Starting at the first line of the listing below, retype each line up to and including the one that contains "New child-inspired color". Leave pictures out.

**INFORMATION PROVIDED**
☆ ☆ ☆ ☆ ☆ ☆ ☆
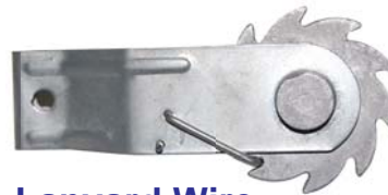
Lanyard Wire Strainer Order Code: H70366
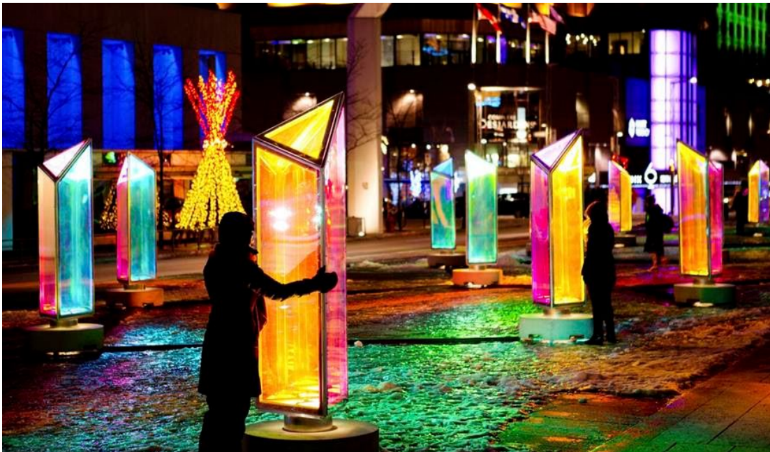
Prismatica, a creation by Raw Design in collaboration with Atomic3, Quartier des spectacles, Montréal.

Downtown Alliance Hosts Temporary Art Installation Along Water Street
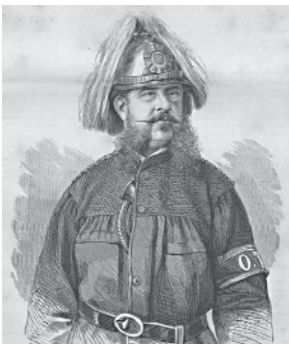
Count Ödön Széchenyi
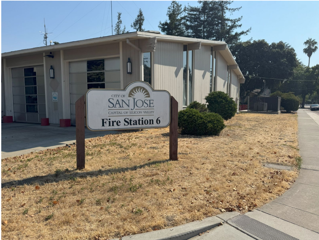
Fire Station 6 Landscaping
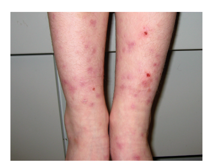
Figure 1 Clusters of excoriated erythematous papules and healing macules on the patient's lower extremities.

Management of papular urticaria – prevention and eradication – is usually implemented without confirmatory evidence of
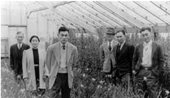
Fred Korematsu and his family
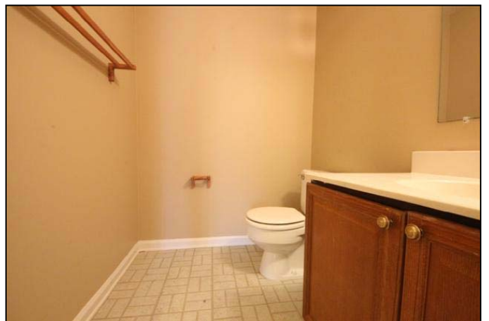
Lower Level Bath
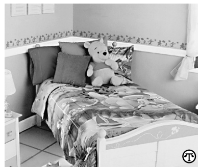
New child-inspired color palettes can help kids brush up the appearance of their rooms.

3. After the stepstool has dried thoroughly, decorate with the Bee Stamp, from the Disney Home Collection. Apply "Sunny Spot" on the surface of the Bee Stamp with a sponge stencil brush. Use only a thin layer of paint, evenly distributed on the stamp.
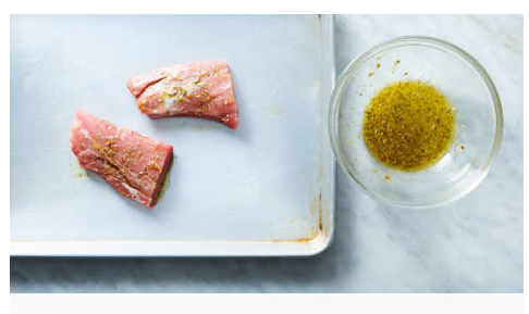
1. Marinate pork

Nutrition per serving Calories 740kcal, Fat 44g, Carbs 44g, Protein 47g
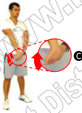
BICEPS & FOREARMS
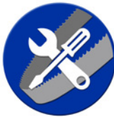
Band Saw Maintenance
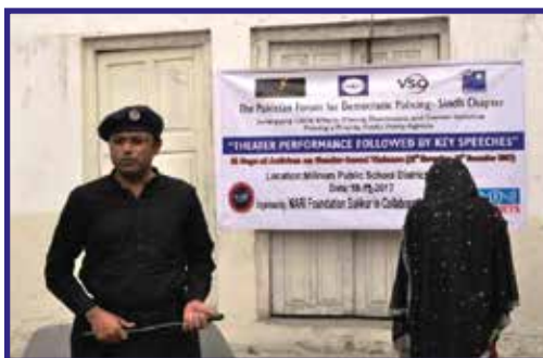
Theatre performance in Sukkur district.
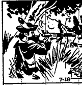
They included Pickewillany, Braddock's defeat, Quebec, 1780; St. Louis raid;
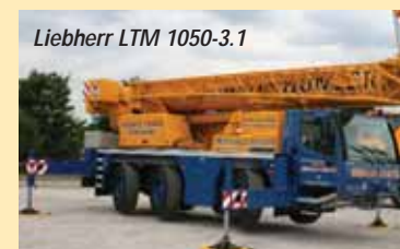
Liebherr LTM 1050-3.1

One of two 61 metre truck mounted platforms was this Wumag WT610 on the Skyking stand.
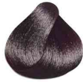
YPC780 5.2 CASTAÑO CLARO MALVA MAUVE BROWN CASTANHO CLARO VIOLINO
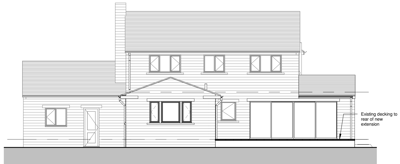
East Proposed 1 : 100
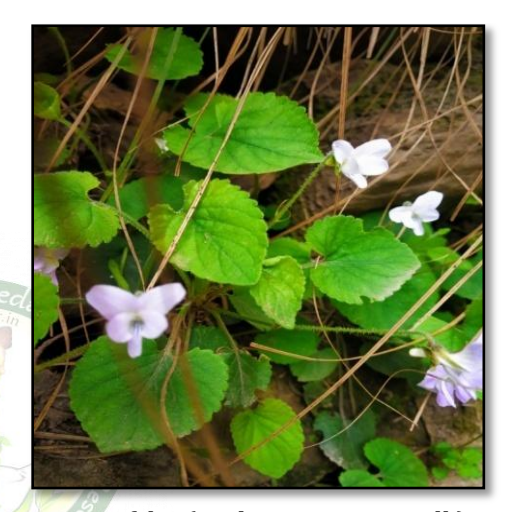
Banafsha (Viola canescens Wall.)
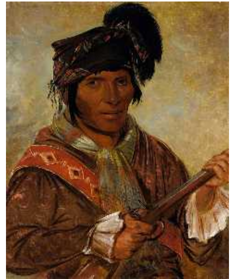
Kee mon saw, Little Chief of the Miami Tribe (1830)

techniques and a unique variety of white corn. While we acknowledge all the Historic Native People of Ohio, today we honor the legacy of the Indigenous Miami peoples, who cared for this land well before it came to be called Maumee Valley Presbytery.
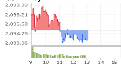
KOSPI 1 Day
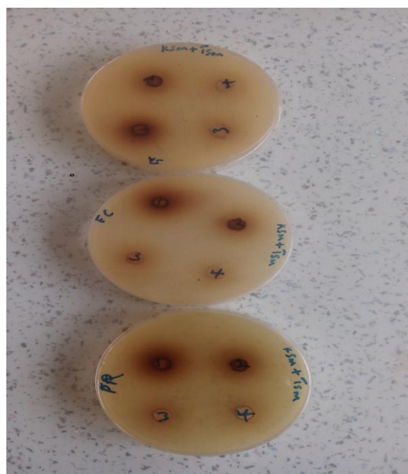
Plate. IV Antibacterial of T. indica
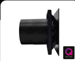
QuietAir QT100 Black Edition HT
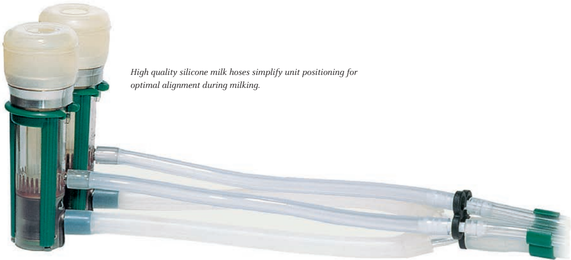
High quality silicone milk hoses simplify unit positioning for optimal alignment during milking.

The TopFlow Z and TopFlow S milking units are available just for lowline milking systems. They each easily handle high milk yields and rapid flow rates without a milk collection bowl integrated into the unit. The TopFlow was developed with the latest design elements incorporated into every feature, delivering maximum ease of use throughout the entire milking process.
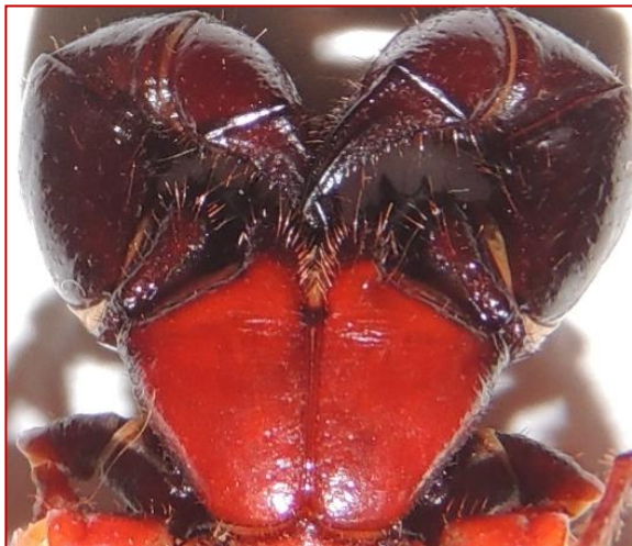
Figure 4. Pedipalp coxa showing maxillary process with tooth (ventral view)

Diagnosis of our specimen complies well with the available description provided by Pocock (1900). After proper diagnosis of the only specimen, we identified it as Thelyphonus sepiaris indicus (Stoliczka, 1873) (Uropygi). So far, up to our knowledge and on the basis of the known distribution, this is the first ever record of this species from Karnataka, India. Previous records of this species show that this taxon is well distributed in the south India.
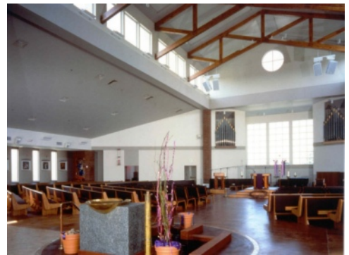
Interior of Sanctuary

This new free-standing worship facility encloses 11,200 square feet of space and accommodates 900 people for worship. Construction allows future operable walls that can be installed to create two large meeting spaces for classrooms or parish community use. The new project is located on an existing campus used by the parish for its school, administration and present worship needs.
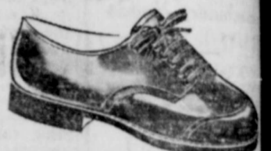
Reinforced tip oxford 4.95
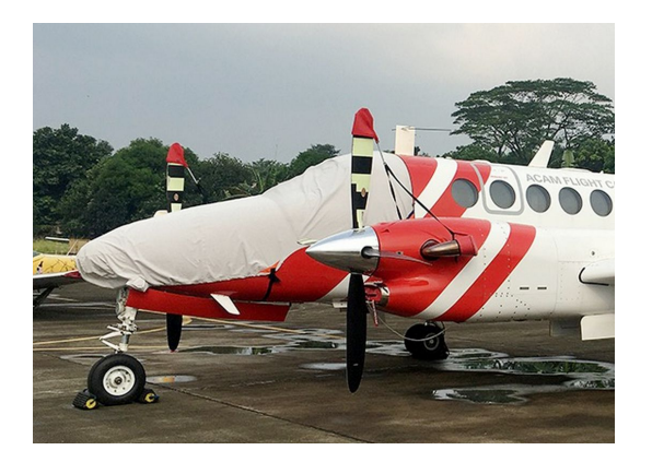
Beech King Air 200 Cockpit/Nose Cover

The material is very reflective, and tests show that the cabin interior temperature can be reduced to near-ambient temperature on the hottest of days. It is water, ice and snow repellent, yet breathable to allow moisture to escape from between the cover and the aircraft surface.
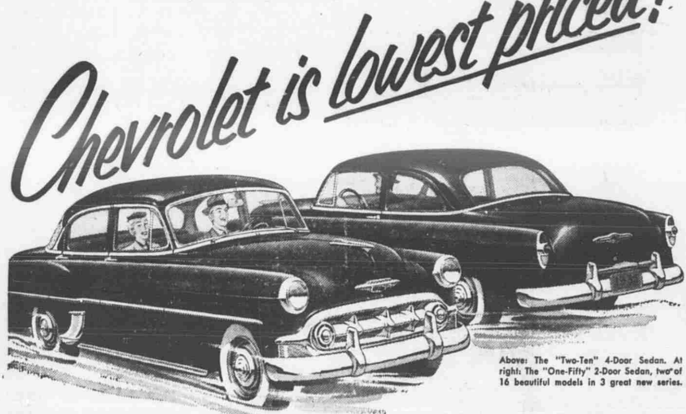
Above: The "Two-Ten" 4-Door Sedan. At right: The "One-Fifty" 2-Door Sedan, two of 16 beautiful models in 3 great new series.

It brings you more new features, more fine-car advantages, more real quality for your money . . . and it's America's lowest-priced full-size car!
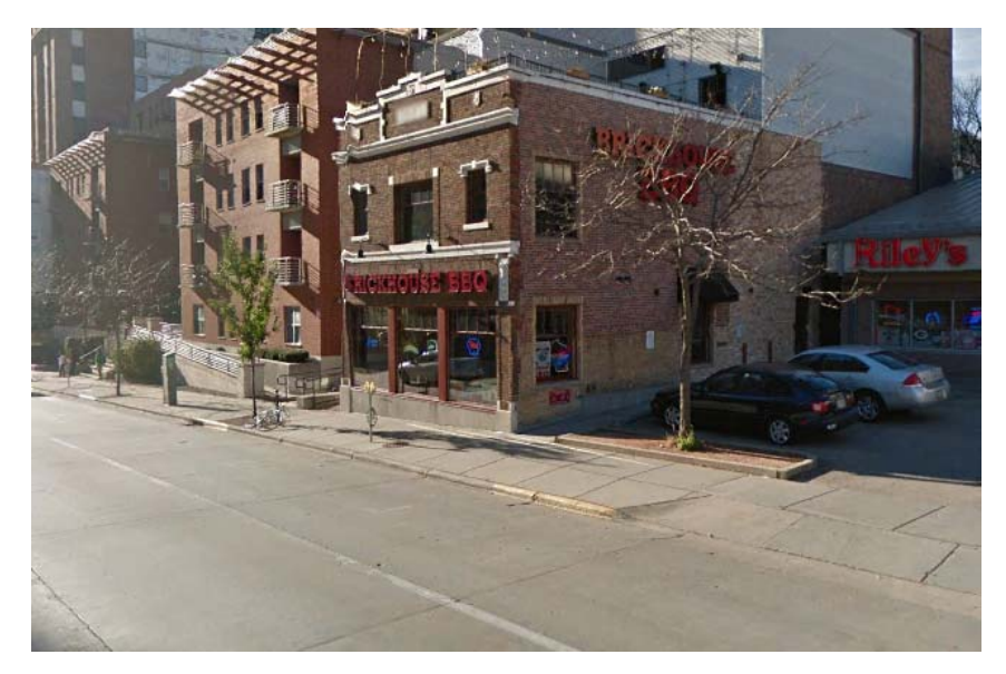
Potential new bus stop on Gorham Street far side Broom Street
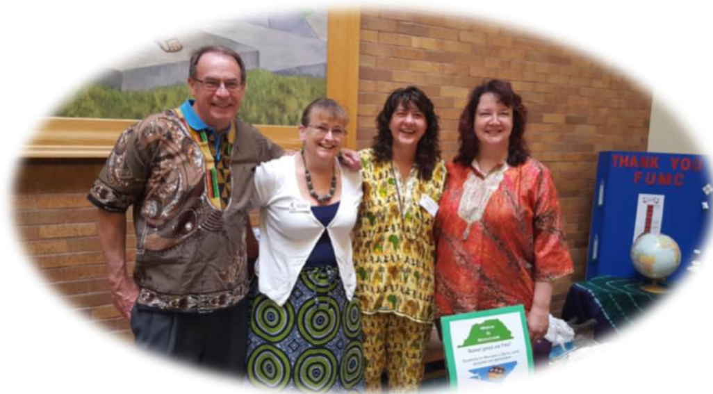
Sierra Leone 2019 Mission Team

Pick up a scrip order for at the Scrip box located in the gathering area by the stairwell or at the Sierra Leone Display in the tower hallway. Place your completed form and payment in the Scrip box in the gathering area.
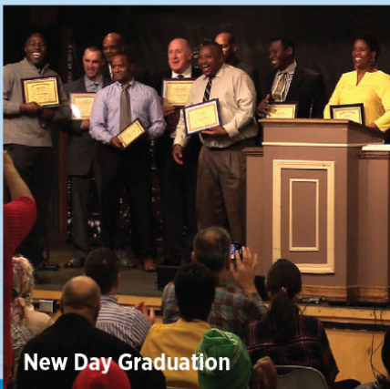
New Day Graduation
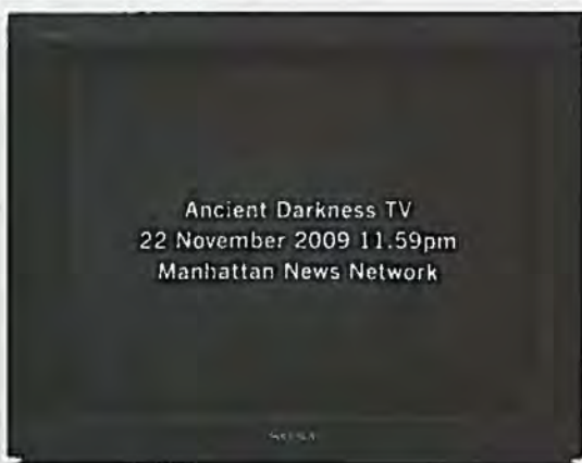
Katie Paterson, Ancient Darkness TV , 2010 (film still)

Working in sculpture, sound, and installation, Berlin-based artist Katie Paterson's practice examines the cosmos, often bringing the viewer closer to the vast, unthinkable depth of the universe's scale of space and time. By facilitating an encounter with the sublime limitlessness of the universe, Paterson's artworks remind us that there is a time, and distance, much greater than that produced and measured by humanity. Her explorations thus alternately ask the viewer to contemplate the enormous gulf separating the current moment from that of the origin of the universe; bridge gaps between humanity and the infinite darkness of the cosmos; underscore the variability and fluctuation of time; and remind us of the mutability of the past, present, and future.
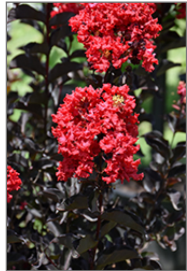
Ebony Fire Crapemyrtle flowers
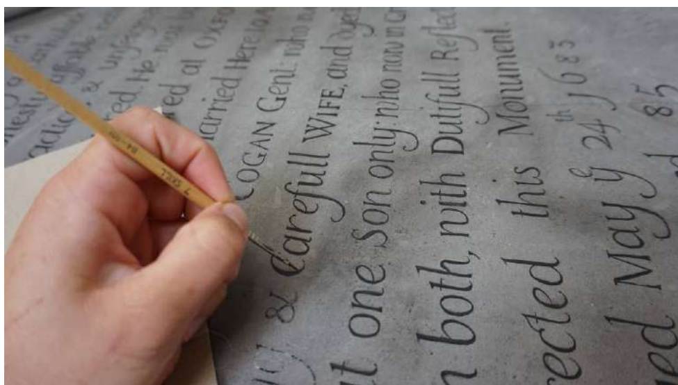
Retouching the lettering.
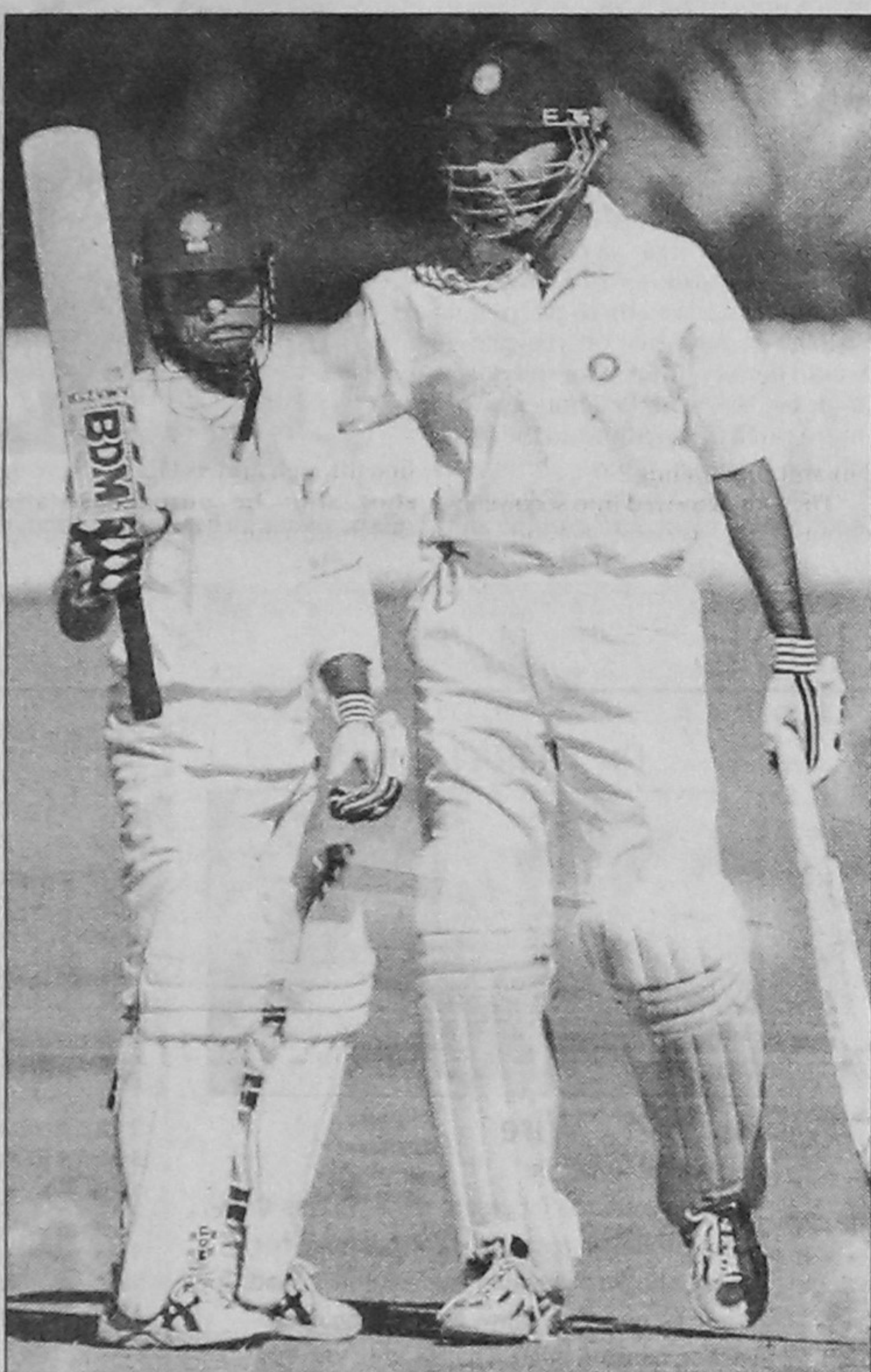
Indian opener Shiv Sunder Das raises his bat to the crowd after completing a century against the Zimbabwe Academy team on Saturday.
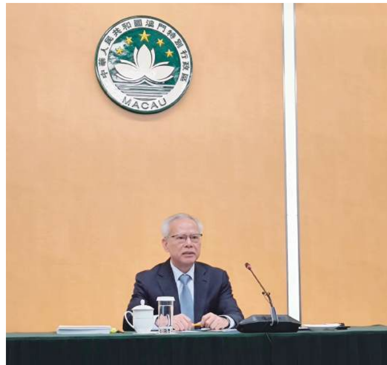
Chief Executive Sam Hou Fai addresses yesterday evening's post-policy press conference at Government Headquarters.
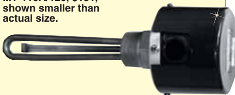
MT-1 Series General Purpose Enclosure 1

MT-110A/120, $151, shown smaller than actual size.
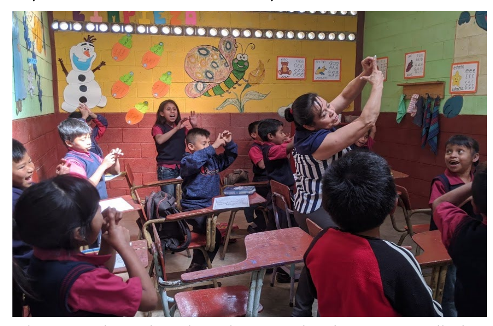
This pre-pandemic photo shows there is much enthusiasm at Semilla de Esperanza. Nowadays most school lessons are completed at home.

many ways for several years, such as giving the children psychological support, improvements to the building, and salaries for teachers and the cook.
☆ ☆ ☆ ☆ ☆ ☆ ☆
**TASK ANSWER**
Lanyard Wire Strainer Order Code: H70366
Prismatica, a creation by Raw Design in collaboration with Atomic3, Quartier des spectacles, Montréal.

Downtown Alliance Hosts Temporary Art Installation Along Water Street
Count Ödön Széchenyi
Fire Station 6 Landscaping
Figure 1 Clusters of excoriated erythematous papules and healing macules on the patient's lower extremities.

Management of papular urticaria – prevention and eradication – is usually implemented without confirmatory evidence of
Fred Korematsu and his family
Lower Level Bath
New child-inspired color palettes can help kids brush up the appearance of their rooms.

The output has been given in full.